Executive pay isn’t the only barrier to long-term commitment: Investor demands for short-term profits and shorter tenures for executives also discourage a long-term vision. Yet compensation can be a powerful influence for a longer-term focus. One compensation solution is to award more shares of stock that take several years to vest, but the research here is mixed — some studies support the contention that ownership promotes long-term thinking, while others do not. There’s also a larger problem: Without actual goals, boards aren’t signaling specific commitments to internal and external stakeholders, nor are they establishing accountability and alignment.
A better approach is to tie pay to the corporate mission. The mission tells everyone the company’s purpose and what it exists to do. It also delineates the boundaries of what a company can and cannot do to achieve its objectives. A company’s strategy emphasizes immediate goals and planned actions at a point in time. By contrast, missions are enduring. A mission focus is particularly important when frequent disruptions interfere with established strategies.
Boards should still expect executives to carry out strategies, and should design annual pay accordingly. But they would do well to introduce a new set of incentives, in addition to or in place of three-year plans, focused on a few enduring mission-driven outcomes.

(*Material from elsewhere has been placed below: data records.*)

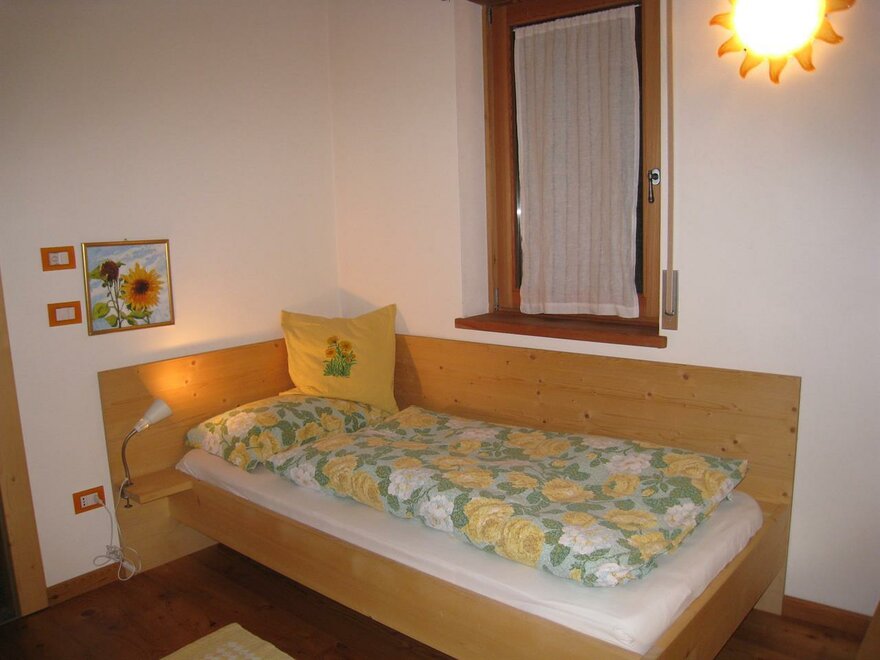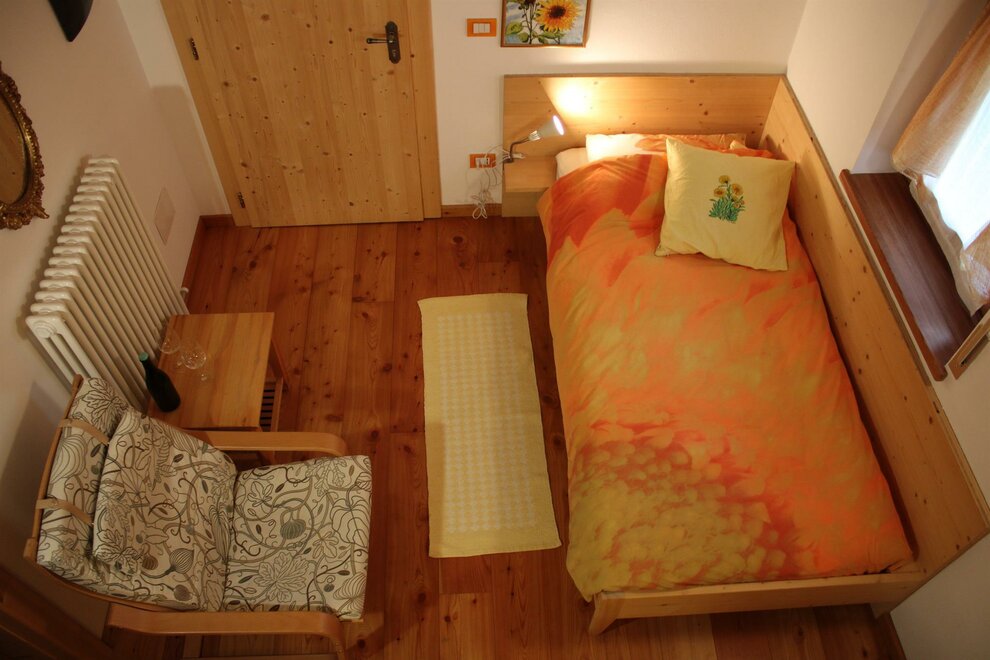 Camera spaziosa e luminosa con finestra vista bosco, doccia/wc privato, un letto singolo (200x90). Ampio soppalco in legno con un secondo letto singolo, finestra velux. Dettagli in giallo e arancione, come il fiore. Il legno naturale degli arredi e della struttura garantiscono una calda accoglienza. I letti sono naturalmente dotati di biancheria, normalmente piumino estivo o invernale. Se però gli ospiti richiedono la soluzione più classica di lenzuola abbinate a coperte, basta chiedere. La biancheria viene cambiata ogni volta che si rende necessario ed almento ogni 3/4 giorni. Per il lavaggio usiamo solo detergenti ecologici completamente biodegradabili. Al piano terra per uso occasionale si trova anche una cucina con frigo, freezer e piano cottura, a disposizione degli ospiti.
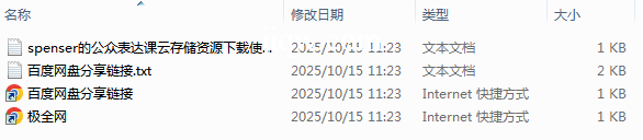 【极全网】spenser的公众表达课云存储资源下载目录1个子文件夹0个文件4个
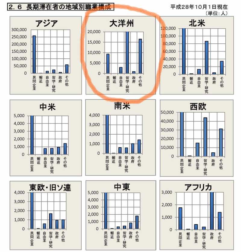 これは永住者ではなく、長期滞在者がなんで来ているのか?のエリア別分類ですが、これも興味深い。かなり露骨にわかりますよね。左端の民間企業の比率が多いのは企業駐在が多いエリアで多くのエリアがそうです。日本人の海外=企業駐在という構図が見えるんですけど、オーストラリアの大洋州だけは全然違う。留学研究が突出して多い。民間企業の2倍くらい多い。こんなエリア、ここだけです。ちなみに「その他」も多い。「その他」ってなんなの?とワーホリさんでしょう。

Unlike current “long-term incentive” plans, each annual cycle of a mission-driven plan would incrementally build on the previous cycle, to maintain progress over time while still allowing midstream adjustment. The plans would last at least three years and require continuous improvement, even if the prior cycle’s goals were not achieved. Financial metrics such as profitability would ensure that the company can sustain long-term investment. And these plans could still require executives to hold substantial stock over the long term.
Mission-driven incentives would address high-priority stakeholder needs, not just those of investors. These truly long-term incentives would promote a thriving, sustainable organization into the future.
Making it practical
Of course, this approach depends on mission statements that specify the “what,” the “who” and the “why” of a company. (Many leaders are clear on what their company does, less so on why.) A good number of today’s technology-driven companies have styled themselves around their mission, such as:
- Tesla: “To accelerate the world’s transition to sustainable energy.”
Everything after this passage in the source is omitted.